Dashboards & Visualization
- Use Grafana folders per domain team; autosync dashboards from git.
- Widget guidelines:
• Red—actual, Green—SLO.
• Max 6 panels per row, no scrolling.
Common Pitfalls
- ❌ Duplicated service names cause trace joins to fail ➜ ensure unique `service.name`.
- ❌ Logging massive payloads ➜ truncate to 4 KB or use sampling.

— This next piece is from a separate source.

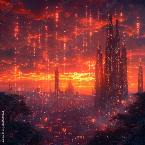 © Biancaart, Obraz premium Futuristic Cityscape with Tall Buildings and Glowing Skies at Sunset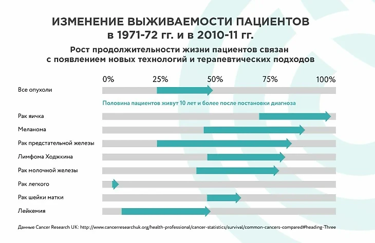 КЗ: Лучше посмотреть на статистику (фото ниже, прим.). Прогресс большой в лечении меланомы, рака предстательной железы, рака молочной железы – продолжительность жизни пациентов растёт.

- ❌ Multiple alert channels cause duplicate pages ➜ centralise routing via PagerDuty.
Directory Conventions
- observability/
• otel/ # SDK init, exporters
• alerts/ # alert rules, SLOs
• dashboards/ # Grafana JSON
• tests/ # trace & log tests
Sample File: observability/otel/init.ts
```
import { Resource } from "@opentelemetry/resources";
import { NodeSDK } from "@opentelemetry/sdk-node";
import { OTLPTraceExporter } from "@opentelemetry/exporter-trace-otlp-grpc";
const sdk = new NodeSDK({
resource: new Resource({
'service.name': 'checkout-service',
'service.version': process.env.npm_package_version,
'deployment.environment': process.env.NODE_ENV
}),
traceExporter: new OTLPTraceExporter({
url: process.env.OTEL_EXPORTER_OTLP_ENDPOINT,
headers: { 'api-key': process.env.OTEL_EXPORTER_OTLP_HEADERS }
})
});
sdk.start();
```
Continuous Improvement
- Quarterly audit: delete unused dashboards, convert noisy alerts to metrics.
- Capture lessons-learned in post-mortems and update this ruleset accordingly.